DATA PROVIDED –

○ ○ ○ ○ ○

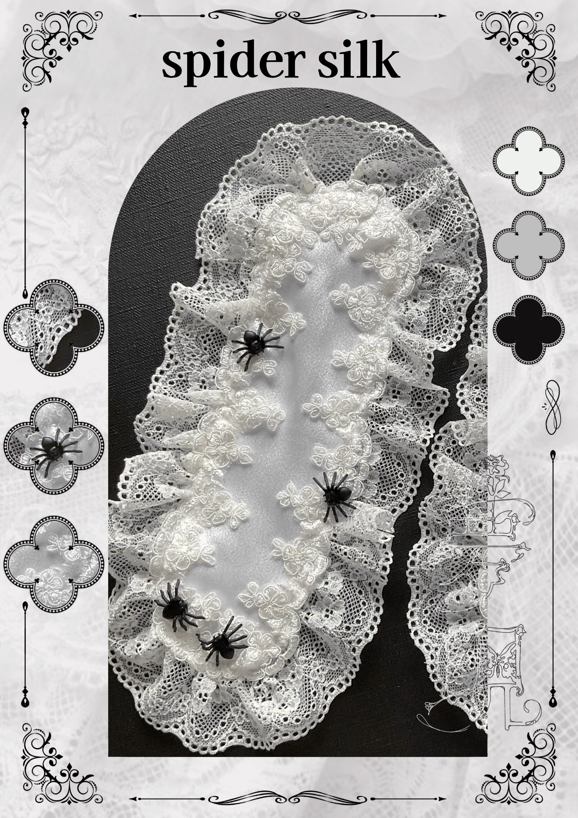 白いサテンの上に蜘蛛が1.2…4匹
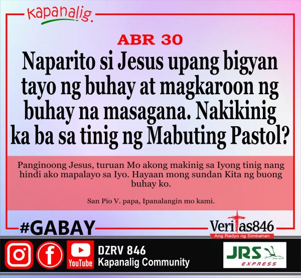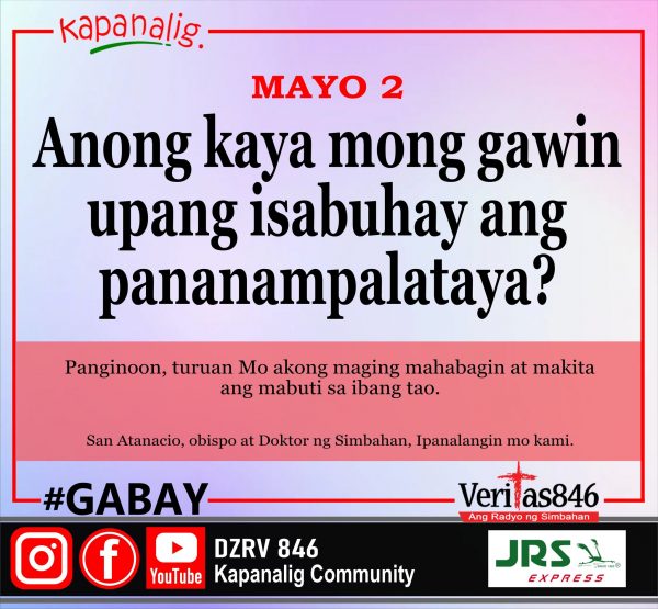 1,900 total views Sabado sa Ika-4 Linggo ng Pasko ng Pagkabuhay Mga Gawa 13, 44-52 Salmo 97, 1. 2-3ab. 3kd-4 Kahit saa’y namamalas tagumpay ng Nagliligtas.
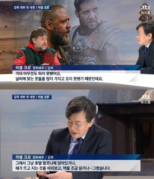 러셀 크로우는 20일 오후 방송된 JTBC ‘뉴스룸’ 2부에 출연해 배우에서 감독으로 변신한 이유와 그간의 출연작에 대한 기억, 할리우드 톱스타로서의 삶 등을 이야기했다.
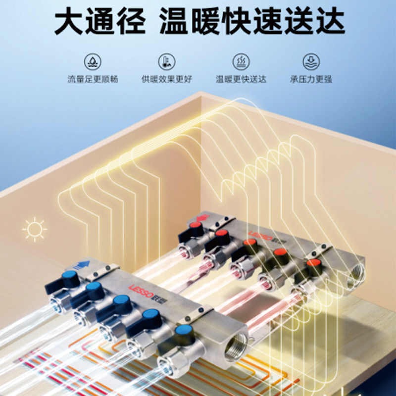 联塑全铜分水器地暖分水器超大流量不锈钢分水器

○ ○ ○ ○ ○

WORK INSTRUCTION – Set down the material above as is, without any pictures.

ANSWER –
 白いサテンの上に蜘蛛が1.2…4匹
 1,900 total views Sabado sa Ika-4 Linggo ng Pasko ng Pagkabuhay Mga Gawa 13, 44-52 Salmo 97, 1. 2-3ab. 3kd-4 Kahit saa’y namamalas tagumpay ng Nagliligtas.
 러셀 크로우는 20일 오후 방송된 JTBC ‘뉴스룸’ 2부에 출연해 배우에서 감독으로 변신한 이유와 그간의 출연작에 대한 기억, 할리우드 톱스타로서의 삶 등을 이야기했다.
 联塑全铜分水器地暖分水器超大流量不锈钢分水器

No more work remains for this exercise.